Megan and Don prepare their Thanksgiving meal, as a toxic cloud of smog hangs over New York City. At the Francis household dinner, Betty gives thanks for having "everything I want".

==Reception==

===Ratings===
"Dark Shadows" was viewed by 2.125 million viewers on the night of its original airing. It drew 0.7 million viewers in the 18-49 demographic.

===Critical reception===
The episode received polarized reactions from television journalists and bloggers, ranging from positive to negative. Emily VanDerWerff of The A.V. Club gave it a "B" rating, calling it the fifth season's most "scattered" episode.

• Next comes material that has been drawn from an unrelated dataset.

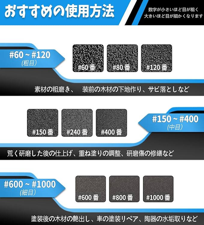 【コスパ抜群ですサンドペーパー】は面倒な磨き作業をを1つのセットIROKCAKPT紙やすりだけで完結させます、#60~#120:素材の粗磨き、塗装前の木材の下地作り、サビ落としなど#150~#400:荒く研磨した後の仕上げ、重ね塗りの調整、研磨傷の修繕など#600~#1000:塗装後の木材の艶出し、車の塗装リペア、陶器の水垢取りなど

VanDerWerff argued that "the [camera] cut from the hovering smog to the Francis Thanksgiving is not exactly subtle, and I tire of when the show presents Betty as this bruised monster who's not in control of her own impulses [...] the show has always been at its best when it can harness some degree of sympathy for the woman."

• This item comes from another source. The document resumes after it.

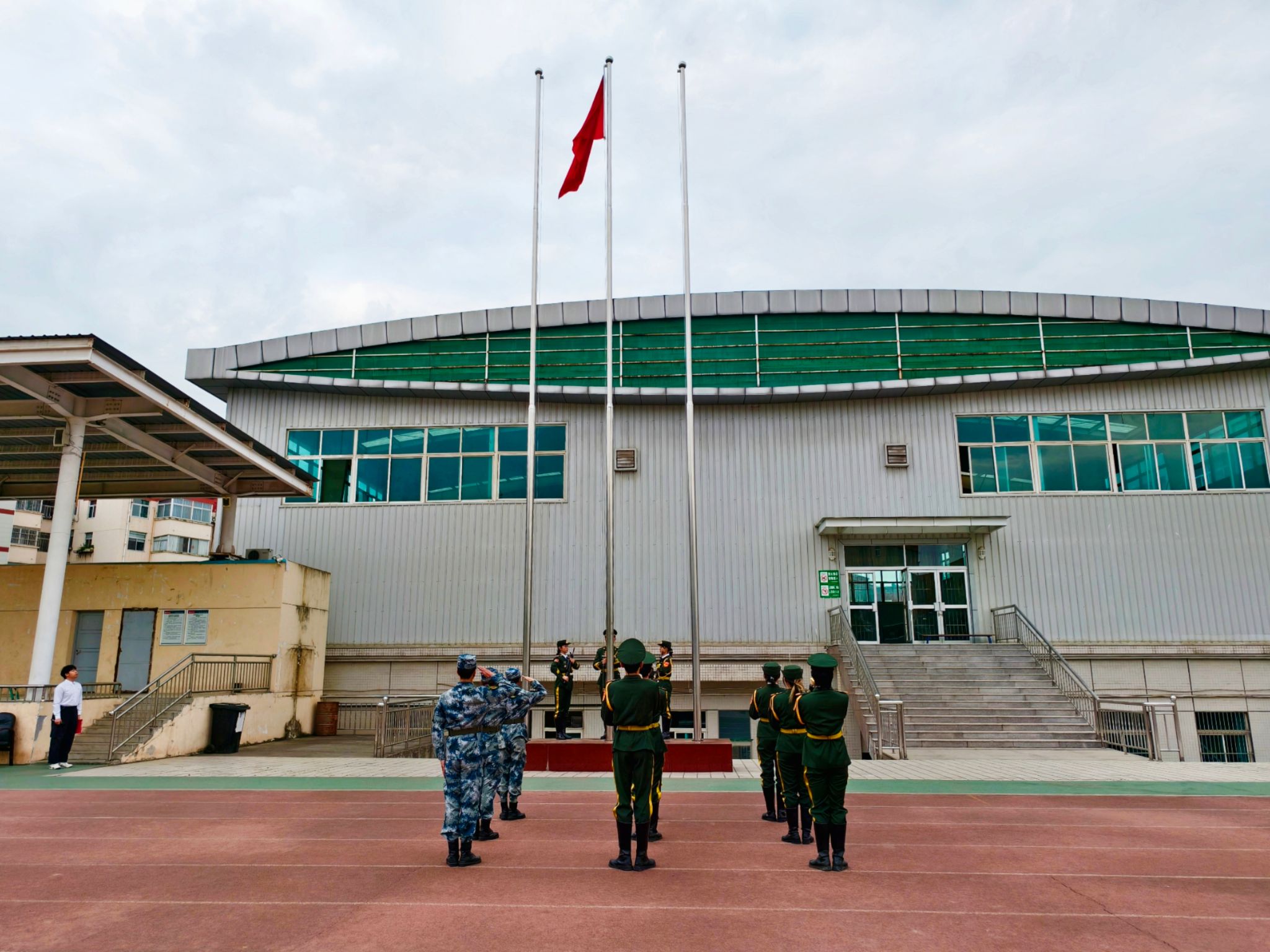 为厚植家国情怀、凝聚奋进力量,4月7日,pp电子游戏平台网站在学校田径场举行升旗仪式。辅导员刘言军及2024级汉语言文学专业100余名学生代表参加活动,共同见证五星红旗冉冉升起的庄严时刻。

IGN writer Eric Goldman gave the episode an 8 out of 10, and pinpointed the episode's theme as "insecurity". Paste Magazine writer Bonnie Stiernberg criticized the episode, saying: "It's not that 'Dark Shadows' wasn't a good episode—it was. But this week's theme felt a little heavy-handed; nearly every character's storyline was dominated by it in an obvious manner."

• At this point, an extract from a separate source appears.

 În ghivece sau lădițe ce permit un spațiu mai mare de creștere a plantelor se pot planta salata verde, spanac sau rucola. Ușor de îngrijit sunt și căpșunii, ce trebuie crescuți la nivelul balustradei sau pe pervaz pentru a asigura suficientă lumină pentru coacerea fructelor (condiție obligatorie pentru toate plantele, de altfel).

Maureen Ryan of the Huffington Post called "Dark Shadows" the worst episode of the season, saying: "It was a bad episode of TV. And it was not in a special class of mediocrity that allows it to still somehow remain elevated above the fray. It made the mistakes that much less brilliant shows make. It repeated a lot of themes that we're already very familiar with, it didn't add to them in compelling or imaginative ways, and it featured a character [Betty] that just doesn't work."

Tim Goodman of The Hollywood Reporter was more forgiving towards the episode, noting: "I'm sure that some of the elements in 'Dark Shadows' will be table-setters for future storylines. It was an episode that seemed to gather itself, make a point while setting up plotlines, then end on time. That's all. There's no harm in that; such episodes come along at least twice in the season run of very good shows. But there was a heavy-handedness to the thematic illustration of self-interest in the episode – like the writers backed up a truck full of references to selfish behavior and dumped them into the room for ease of use. Mad Men can do better than this, of course. It has, and it will again. Just put the anvil down. We get it."

===Accolades===
Ben Feldman who plays Michael Ginsberg received a nomination for the Primetime Emmy Award for Outstanding Guest Actor in a Drama Series for the 64th Primetime Emmy Awards.